In regular credit products, each loan has a maturity date on the last due date in the schedule and if the client hasn’t paid until then, the loan goes into bad debt and needs to be collected manually. In some business cases, that’s not an optimal flow, so starting with v.7.7, lenders can offer loans without the maturity date, with a schedule that will be extended and borrowers being charged as long the outstanding balance isn’t zero.
In the new version of TurnKey Lender, lenders can choose out of two modes of schedule-building:
- Build full schedule in advance
- Generate next installments until the loan is repaid (‘open-ended loan’)
The System will either build the full schedule until repayment in advance or add a date for each new installment after the last payment is made.
When the loan is disbursed, the borrower can see only the current and the upcoming installment. Which applies to MCAs and credit lines.
Initial schedule vs Actual schedule
Schedule changes are a common occurrence in the lending business’ operations, especially in today’s uncertain times. In TurnKey Lender v.7.7, we’ve implemented a feature that allows you to compare the schedule we’ve planned beforehand and the actual schedule that the borrower repays the loan on. As a business owner, this helps you make informed decisions about loan collections and future work with every given customer.
Before disbursement, we work with Initial Schedule. It’s fixated and stored in the system so we can check it afterward and compare it with the Actual Schedule. For active loans, you can see the History and Initial schedule and export this data to Excel as needed for analysis and notifying clients of the schedule we’ll use for a loan.

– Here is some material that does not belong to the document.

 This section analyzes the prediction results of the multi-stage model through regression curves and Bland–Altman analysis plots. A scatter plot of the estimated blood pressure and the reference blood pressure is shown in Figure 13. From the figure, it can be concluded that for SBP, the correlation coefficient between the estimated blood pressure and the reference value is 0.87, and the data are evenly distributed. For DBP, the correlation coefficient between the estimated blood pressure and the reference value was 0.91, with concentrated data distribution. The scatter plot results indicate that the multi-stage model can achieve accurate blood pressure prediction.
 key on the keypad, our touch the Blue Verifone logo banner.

The initial schedule is always regular – not sequential. But if you choose the open-ended schedule building option, only the next installments will be generated.
Fees in form of rate
To serve ever larger lender audiences, TurnKey Lender v.7.7 allows you to set some fees as a rate on the overall loan sum. Before you could set only charge amounts or percent, now you can set a rate you’d like some fee to be.

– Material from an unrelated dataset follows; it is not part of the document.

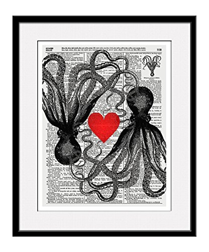 The 11x14 inch "Octopus Love" art print is a reproduction of an antique dictionary page from the early 1900's. The page that was used for this reproduction print has the definition of the word "Octopus" on it, along with a small vintage dictionary image of an octopus. After many requests, Vintage Book Art now offers these truly unique reproduction prints in larger sizes than our traditional dictionary prints. All 11x14 inch prints do NOT come framed and are shipped rolled inside a protective plastic sleeve, a shipped tube, then within a box for added protection. These prints look amazing in any room of your home and also make wonderful one of a kind gifts.

Right now, this fee type is best applied for the Merchant Cash Advance industry because in this industry – factor rate is the most acceptable charging model.
Internal Rate of Return (IRR) calculations with included/excluded fees
The internal rate of return (IRR) is a metric used in financial analysis to estimate the profitability of potential investments. IRR is the annual rate of growth that an investment is expected to generate. IRR is ideal for analyzing capital budgeting projects to understand and compare potential rates of annual return over time.
In v.7.7, we’ve deployed an updated version of IRR calculations which can both consider fees or not.
By default, all the fees are included in the IRR, but starting with v.7.7, lenders can exclude specific fees from IRR on the Credit Product level, for example, insurance payments.
Distributing fees over a specific period
Before you could charge one-time fees like the admin fee in some specific installments but starting with v.7.7, you can distribute different one-time fees (e.g. insurance) over the whole loan term not to make one installment too large. Simply set the overall sum you need to charge and then choose how to distribute it over the loan schedule.
Set loan duration as a number of installments
Many lenders need to charge payments on the financing they provide in installments not weekly/monthly. So by popular demand, starting with v.7.7, the lender can set the loan term in the number of installments. Also, we’re introducing the ability to set minimum and maximum acceptable number of installments for loans issued with a credit product.
Additional improvements
As the scope of TurnKey Lender functionality grows, reporting and notifications need to be updated too. That is why in v.7.7 we’re introducing new merge fields for the notifications and smart markers for reporting.